ISLAMABAD: Pakistan’s former ambassador Dr Maleeha Lodhi has said that Pakistan is seeking a reset of ties with the United States, but relations will inevitably be affected by Washington’s standoff with Beijing.
“Islamabad wants to avoid being sucked into this big power rivalry. But this is easier said than done. So long as US-China relations remain unsteady, it will have a bearing on Pakistan’s effort to reconfigure ties with Washington,” she said taking part in a discussion under the auspices of Washington based United States Institute of Peace (USIP) on “Pakistan and India at 75: Prospects for the future” on Monday.
Other participants were former Foreign Secretary Jalil Abbas Jailani while India’s former envoys to the United States Nirupama Rao, and Arun Singh.
Dr Lodhi said that redefining Pakistan-US relations would be a daunting task in the changed context of America’s military withdrawal from Afghanistan and its choice of India as its strategic partner in the region in its strategy to contain China.
“Aspects of America’s Indo-Pacific strategy also have security implications for Pakistan, not least because it injects Cold War dynamics into the Indian Ocean, which Islamabad has long sought to prevent becoming India’s Ocean,” she added.
She maintained that Pakistan’s greatest security challenges would continue to emanate from its neighborhood — from the unsettled situation on its border with an unstable Afghanistan and from troubled relations with India.
“An imposing foreign policy challenge will be to navigate the growing confrontation between the United States and China, two global powers with which Pakistan has its most important bilateral relationships. Ties with China will remain an overriding priority for Islamabad. The strategic direction the relations have taken in recent years has given this long-standing partnership added significance at a time of a fundamental change in the international balance of power brought about by China’s rise as a global power; the China Pakistan Economic Corridor (CPEC) is emblematic of it,” she explained.
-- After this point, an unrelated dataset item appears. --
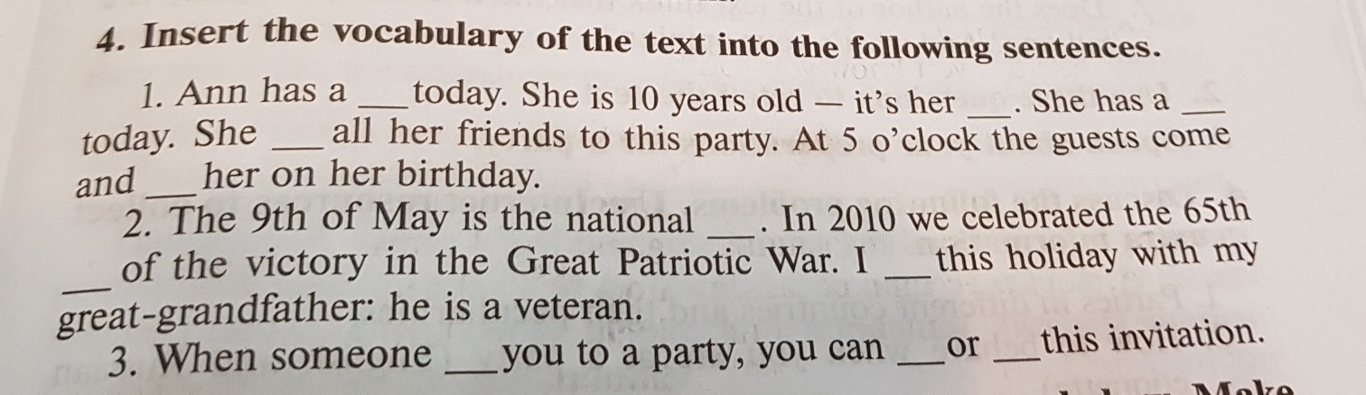 1. Birthday. Jubilee. Party. Invited. Congratulate.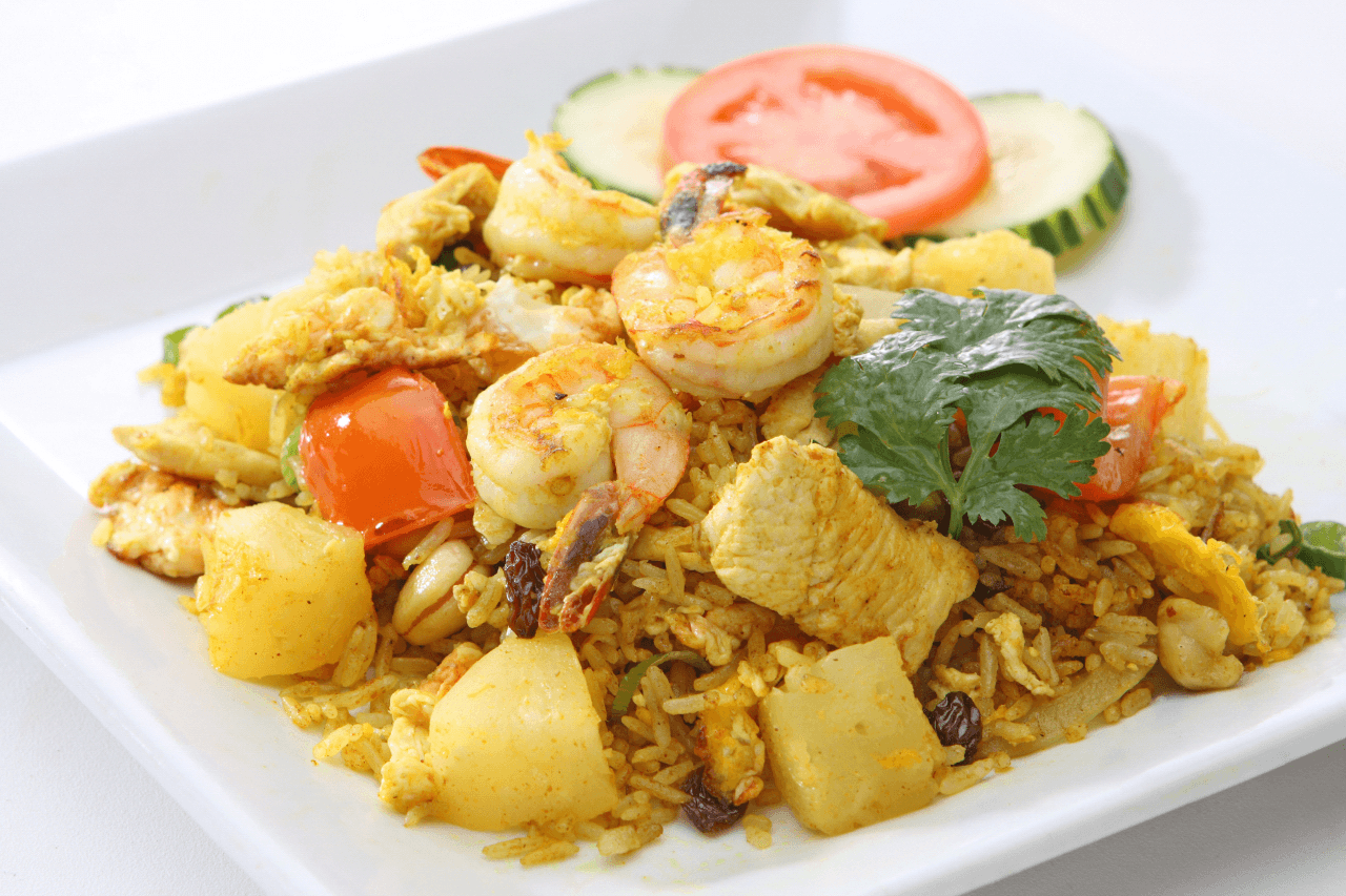 Fried rice with pineapple raisin, cashew nuts, onion, and curry powder.

The former ambassador said that managing difficult relations with India would continue to preoccupy Pakistan.
“Dialogue has been suspended for years. Trade was halted and diplomatic representation downgraded in 2019 after India’s illegal action of incorporating and bifurcating the disputed state of Jammu and Kashmir. The hope that back-channel communication between the two countries in 2021 would yield a thaw turned to disappointment when no headway was made on any front, beyond the re-commitment by both neighbors in February 2021 to observe a ceasefire on the Line of Control. This was an important development, however, as only two years earlier the two states were locked in a dangerous confrontation epitomized by the Balakot crisis, when Indian planes carried out bombing inside Pakistani territory. In view of the persisting deadlock, the future outlook for Pakistan-India relations is uncertain. Given the impasse on Kashmir, an uneasy and fragile state of “no war, no peace” is likely to continue.”
She believed that outside powers could play a constructive diplomatic role in helping Pakistan and India reinitiate a broad-based peace process, which proceeded with some promise in the past, especially between 2004 and 2008.
Jalil Abbas Jailani said that the history of Pakistan-India relations could be characterized as one of lost opportunities. “Mistrust, hostility and conflict has undermined efforts toward peace and stability. India’s position on almost every issue regarding Pakistan has hardened ever since the emergence of India as a “strategic partner” of the United States and other Western powers,” he added.
“Although issues between Pakistan and India are long-standing, progress is possible. Leaders on both sides of the border need to develop a national consensus in support of the peace process and bring all stakeholders including the core constituencies, media and opposition parties on board,” he observed.